Your employees are on the "front lines" of your business, so it makes sense to talk to them to get their take on what can be improved in the business. They're the people that are continually dealing with your customers.
What do your customers tell your employees that you'll never hear unless you take the time to ask the employees?
After years of research, Harvard Business School service firm experts James L. Heskett, W. Earl Sasser Jr., and Leonard A Schlesinger wrote their book "The Service Profit Chain" (The Service Profit Chain by James L. Heskett, W. Earl Sasser Jr., and Leonard A Schlesinger - ISBN # 0-684-83256-9.).
The research showed that, among other things, the most successful franchisees preferred to manage using participative rather than autocratic decision making styles. In other words, instead of telling employees "It's my way or the highway", they listen to their employees.
It's sometimes tempting to simply tell employees what to do and then expect it to get done without any input from them. But if you do that, you're squandering a huge resource - the competitive edge your employees can give you. They understand that employees are the "front-line" of their business.

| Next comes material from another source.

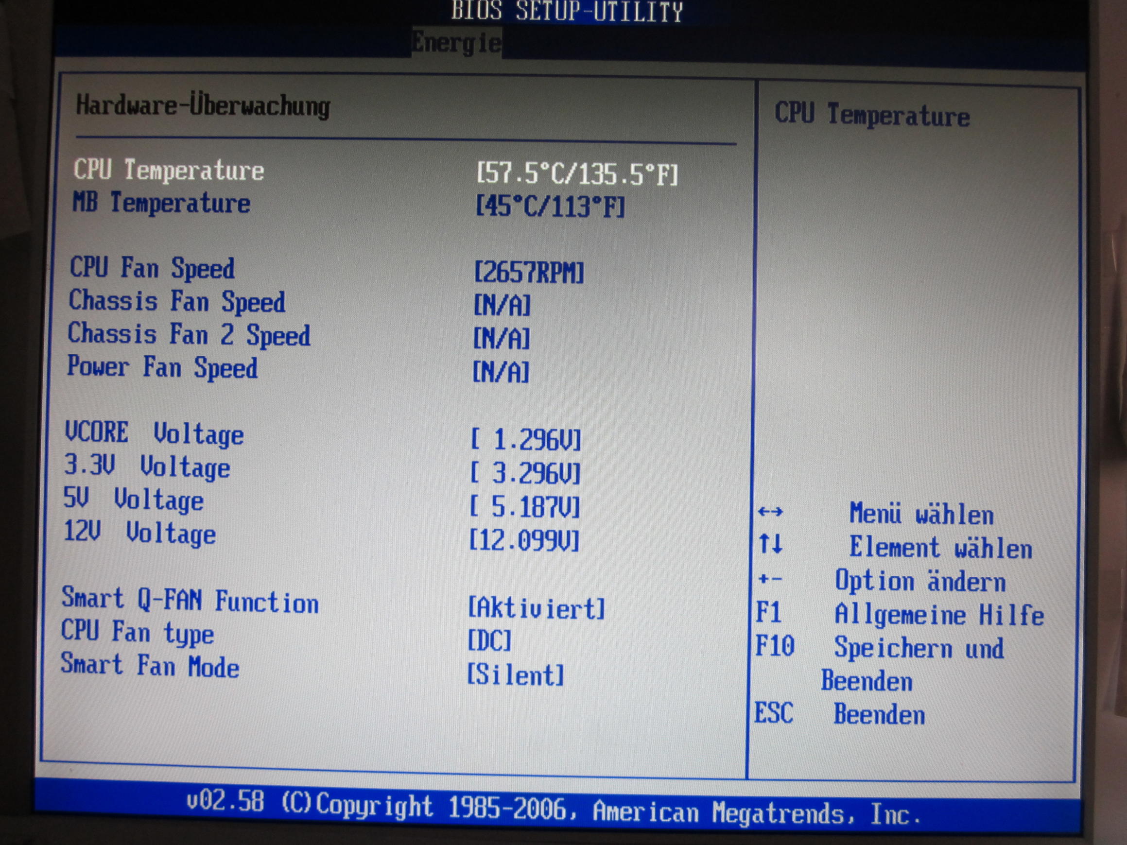 nach Installation eines DVD-Laufwerks hatte ich Bios-Probleme (angeblich Overclocking). Jetzt lauft alles wieder, allerdings funktioniert Cool and Quiet nicht mehr. An Mainboard, CPU, Speicher bzw. XP wurde nichts verändert. Vorher war der Lüfter nach PowerOn aus und hat sich dann vom Bios gesteuert schon vor dem Starten von XP auf mittlere Drehzahl eingeregelt. So blieb er dauerhaft, außer die CPU lief unter Volllast. Jetzt läuft er vom ersten Moment mit maximaler Drehzahl. Energieoptionen sind auf MinimalerEnergieverbrauch eingestellt. Jetzt habe ich alle mir logisch erscheinenden Einstellungen ohne Erfolg probiert. Auffällig ist, das nach jeder Veränderung zwei XP-Starts erforderlich sind. Beim ersten Mal ist die Tastatur nicht aktiv. CPU läuft mit 1350 bzw 2700 MHz, AiOverclocking im Bios war und ist mit AUTO angegeben. Was kann ich tun?

They're the ones with all the contact with your customers. Because of that, they're also the people that can tell you about potential problems before they happen. Even more important, they can tell you about potential opportunities. They serve as an early warning system for your business.
This doesn't mean that you should allow the employees to dictate everything in your business. That's a recipe for disaster. They're not the ones with their life savings at risk. You are. Because of the continuous exposure your employees have to your customers, they can give you some really valuable insight into what's needed to improve the business. If the culture of your business is an open one, employees will tell you what you need to do to improve - from the customer's perspective.
If on the other hand, you have a culture of "It's my way or the highway!", you won't hear about problems until it's too late. If that's not bad enough, you'll find that employee morale is terrible.
"So who cares about morale as long as the business is profitable?" you may ask. You should. When morale suffers, sales and your profitability eventually suffer as well.
1. Be accessible and open minded - Be available to listen to and help solve problems, give ideas, act as a coach or mentor, settle disputes and provide support for staff needing resources. A boss' key role is to get employees the resources they need to do their job.
2. Find out what motivates each employee - For the organization, understanding what motivates employees, tailoring job requirements, and enhancing the work environment will help raise morale and maintain high employee engagement levels.
3. Give recognition when and where it's due - employee recognition is defined as the acknowledgement of a team's or individual's effort, behavior, or business result that supports the organizational goals and objectives, and which has clearly gone beyond standard expectations.
Ways to exhibit recognition are:
Precisely and explicitly identify the behavior, effort or result that is being recognized.
Illustrate the added value to your team or organization by the behavior and how it contributes to the organization's goals and objectives.
Build a strong team. Make sure to listen to your employees. And make sure your staff is happy. You'll be rewarded with higher sales, higher profits, and low staff turnover. That's the one biggest thing you can do to ensure success.
Of course, a big part of this is also hiring the right people. Yes, it can be difficult getting the best people. It takes a while. You will sometimes have to settle for a "warm body" simply because you need someone, anyone. The beauty of Strategy #1 is that you won't have to continually hire and train new people.